No nos engañemos, por más que pretendamos convencernos de que la belleza está en el interior, es lo de fuera lo que determina todo. Un súper currículum, titulaciones en universidades de prestigio, experiencia intachable y todo lo que quieras, pero a la hora de la verdad, en igualdad de condiciones, lo más probable es que el guapo se lleve el puesto.
Está claro que no podemos luchar contra nuestra propia naturaleza y si está en nuestros genes el claudicar ante los guapos, incluso sin pretenderlo, acabaremos haciéndolo.
Todo esto no lo digo yo, pues existen infinidad de estudios, desde hace bastantes años, que no hacen más que corroborar esta teoría. Sin ir más lejos, recientemente se hizo una investigación liderada por el psicólogo Alan Slater, de la Universidad británica de Exeter, en la que demostró que los bebés de tan sólo cinco o seis días de vida, se decantan por las caras más guapas. Parece ser que los neonatos se quedaban más tiempo mirando las caras bonitas, con rasgos más armónicos y de formas más agradables, concluyendo que la apreciación de la belleza facial es de nacimiento en las personas y no algo que se aprende con los años. Con todo esto digo que si ya desde nuestros inicios en este mundo, cuando aún estamos libres de todo condicionamiento, clichés y modas casi impuestas por multitud de medios, ya preferimos a los guapos ¿cómo vamos a pretender despojarnos de nuestros profundos instintos en la edad adulta?
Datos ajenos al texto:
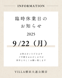 ◎9月22日(月) 店舗内整備のため、終日営業を休ませていただきます
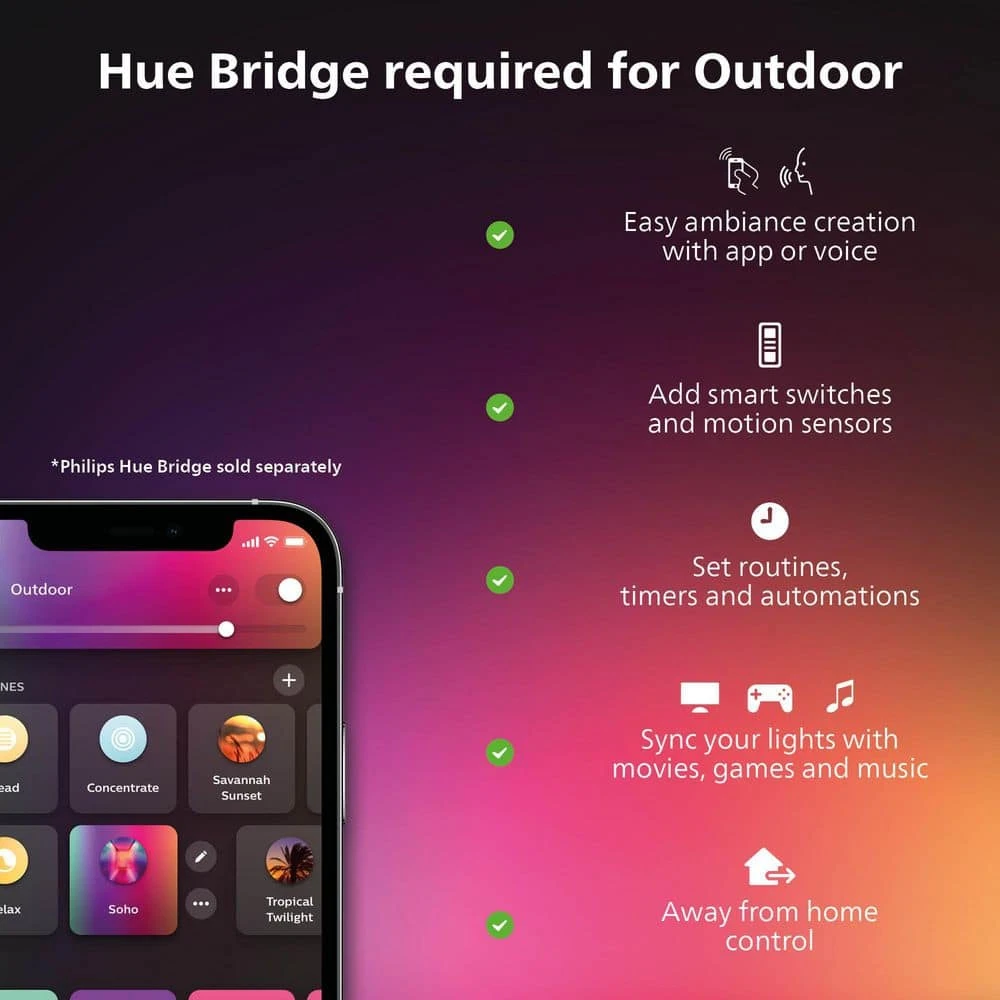 - Requires the Hue Bridge (sold separately) for the full Hue smart experience
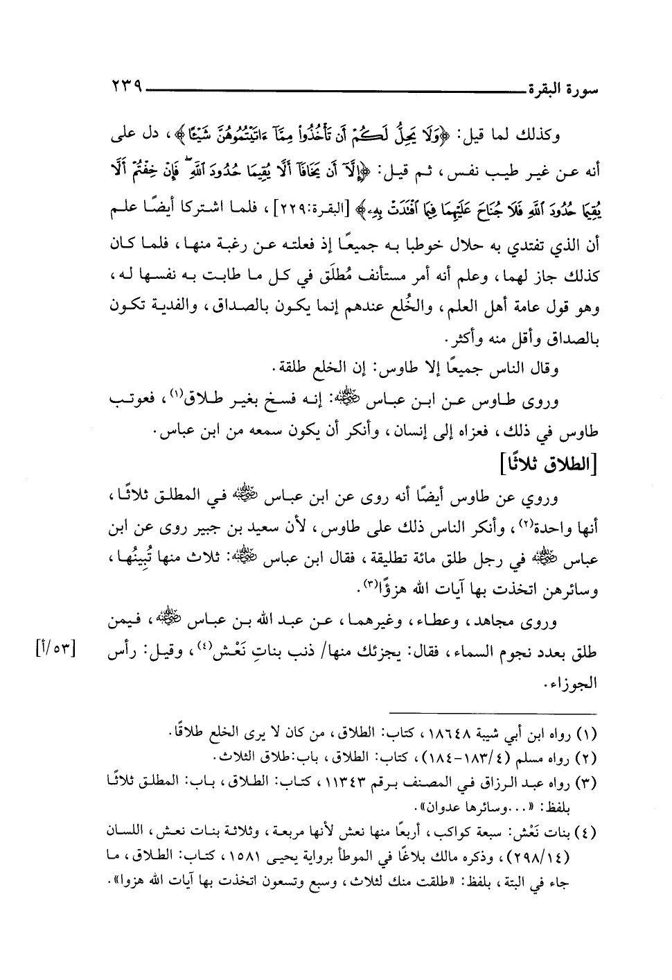 (¬٣) رواه عبد الرزاق في المصنف برقم ١١٣٤، كتاب: الطلاق، باب: المطلق ثلاثًا بلفظ: ". . . وسائرها عدوان".
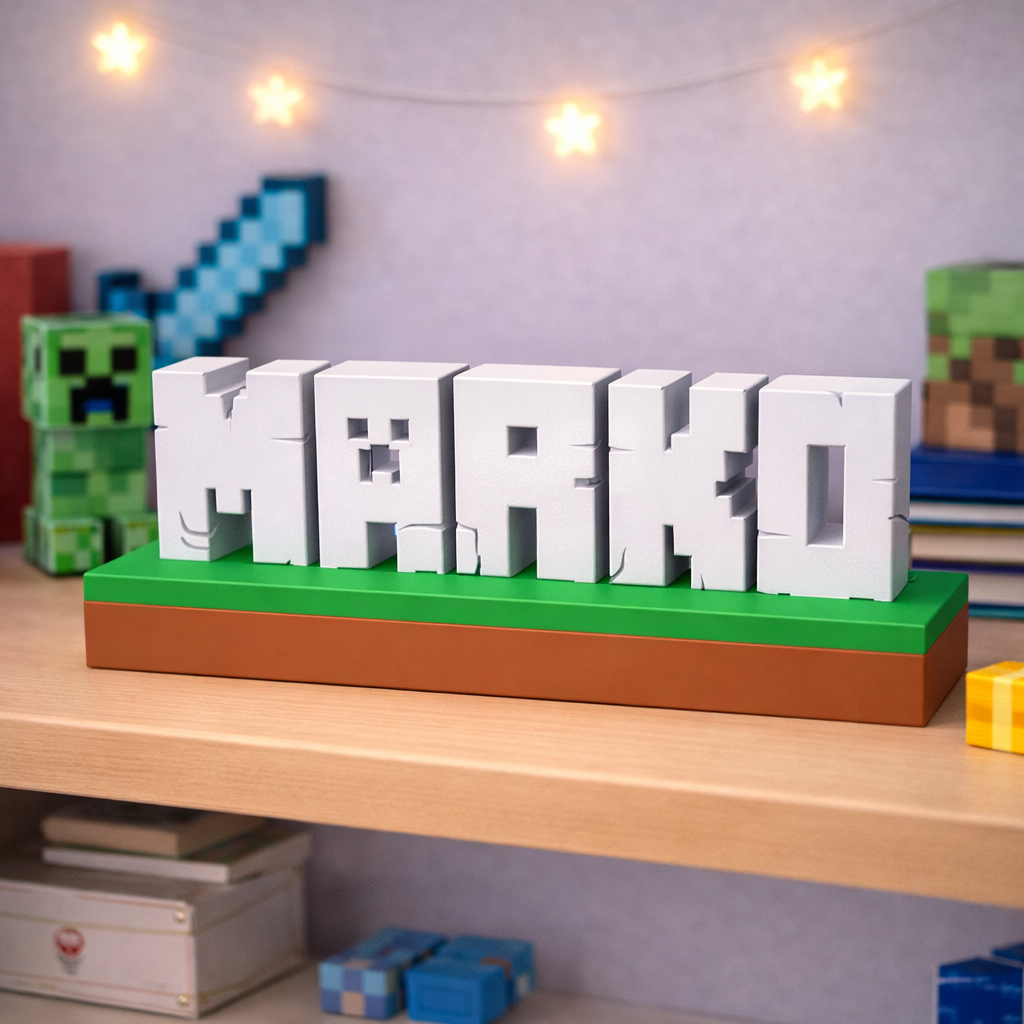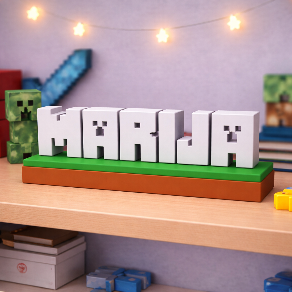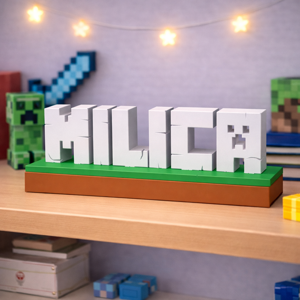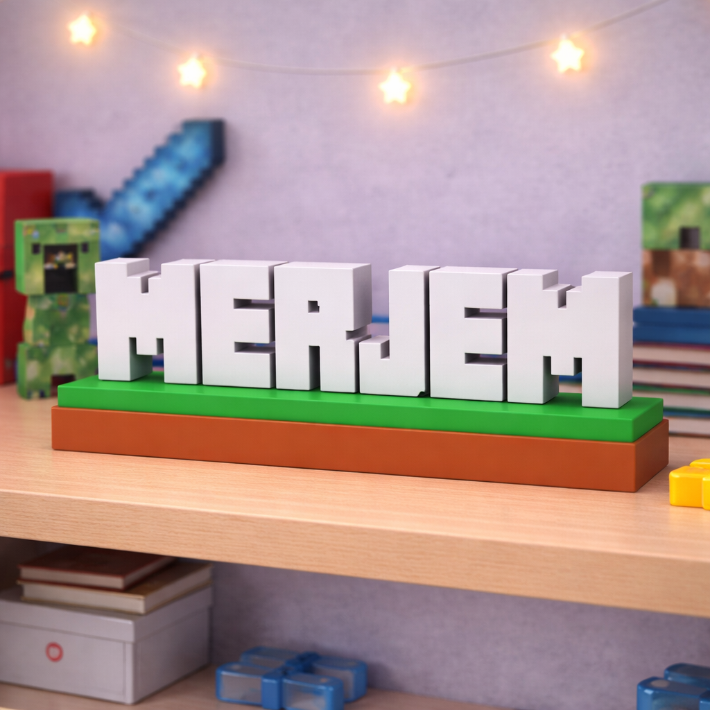 Unesite svijet Minecrafta u dječiju sobu uz potpuno personalizirani dekorativni natpis izrađen u prepoznatljivom blok stilu igre. Svako ime se izrađuje po narudžbi i pretvara u 3D blokove koji podsjećaju na Minecraft estetiku.
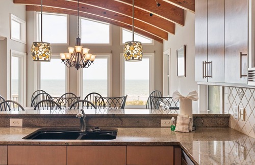 This home features two living areas, perfect for families or different groups getting together to enjoy the football game, the kid's shows, or family card night. Each living area and bedroom features a large flat screen television. The kitchen and dining room offer incredible ocean views. The open space provides the perfect setting for those family dinners.
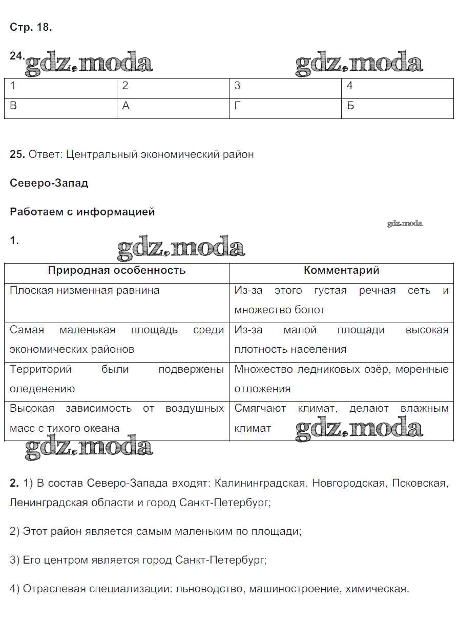 ГДЗ решение к заданию № 18 География 9 класс тетрадь-тренажер Николина В.В. Просвещение 2016 ФГОС бесплатно на гдз.мода!
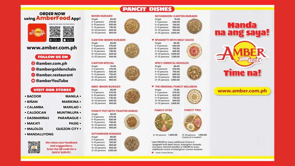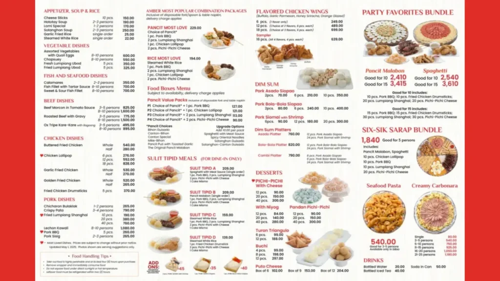 Understanding the amber menu price helps customers plan their meals and budgets before ordering. With affordable prices and tasty dishes, Amber continues to be a favorite choice for Filipino celebrations and everyday meals.
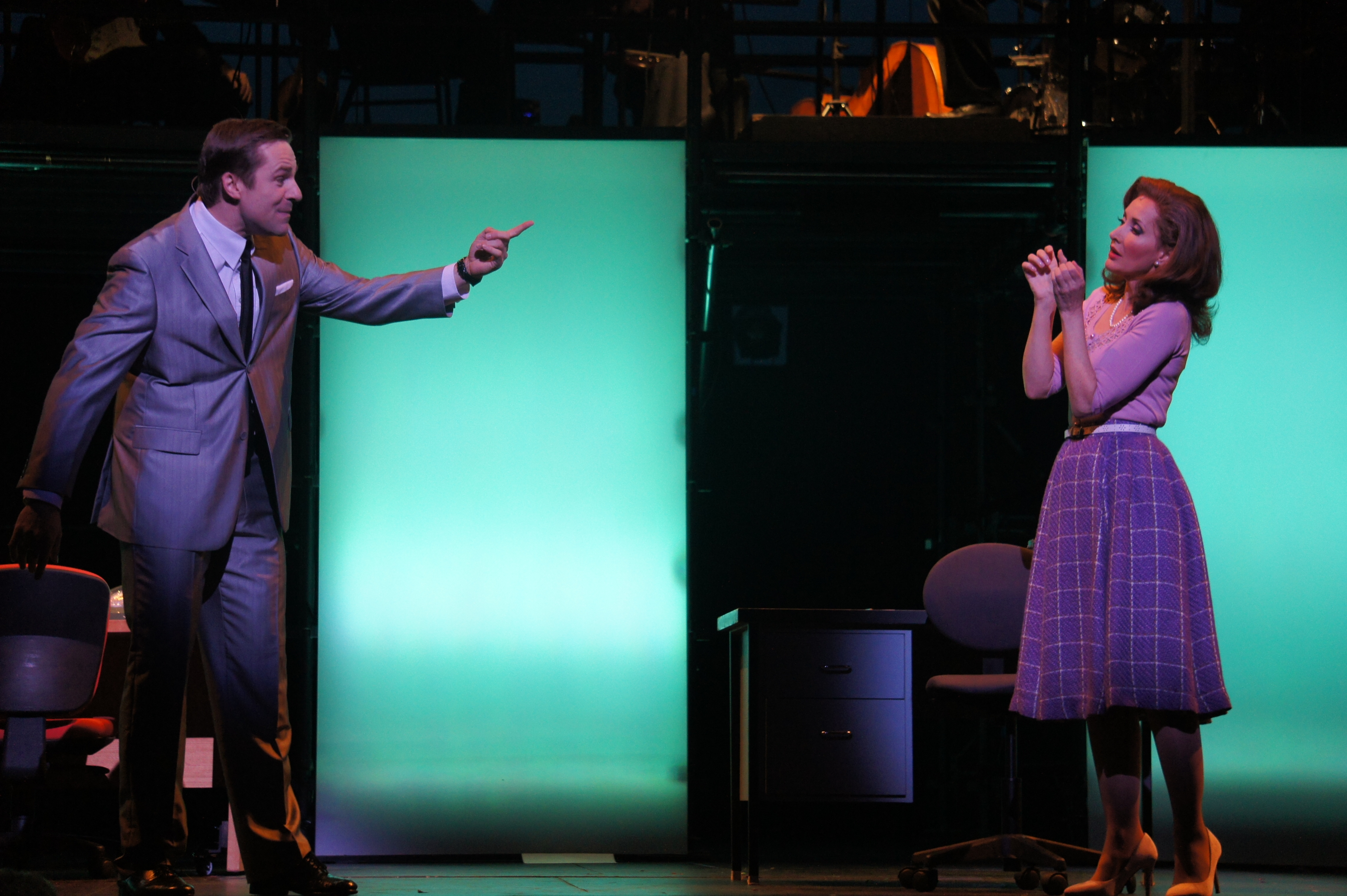 Chief achievement in Hetherington’s star turn as Chuck Baxter is his ability to play a meek, unnoticeable guy when he is, in fact, tall and handsome. On stage for almost the entire show, Hetherington is completely endearing, excelling at physical and verbal comedy, and singing the score with consummate ease.

Huelga decir que porque no seas tan agraciado o no tengas la dicha de tener una cara armoniosa en todas sus facciones, ya vas a estar desprovisto de toda posibilidad de éxito en una selección. No se trata de eso, pero sí hemos de reconocer que, sin darnos cuenta, vamos a sentir mayor empatía, percibir como más simpáticos y mostrarnos más cercanos hacia los guapos.
¿Selección natural? ¿Restos de instintos o impulsos heredados que, hoy por hoy, ya son innecesarios? Puede ser, pero el caso es que vivimos en una sociedad que tiene muy en cuenta el aspecto físico, el impacto que generas o, como dicen en algunos sitios, la “buena presencia” (y esto me recuerda lo que siempre decía el padre de una amiga: “así como te vean, te van a tratar”), por lo que, aunque no nos guste o nos cueste admitirlo, todos nosotros acabamos dejándonos llevar por nuestros más primitivos instintos y con ellos, o por culpa de ellos, a veces vemos determinada nuestra conducta y/o reducido nuestro propio criterio, a algo tan sencillo pero poderoso como lo guapo que eres.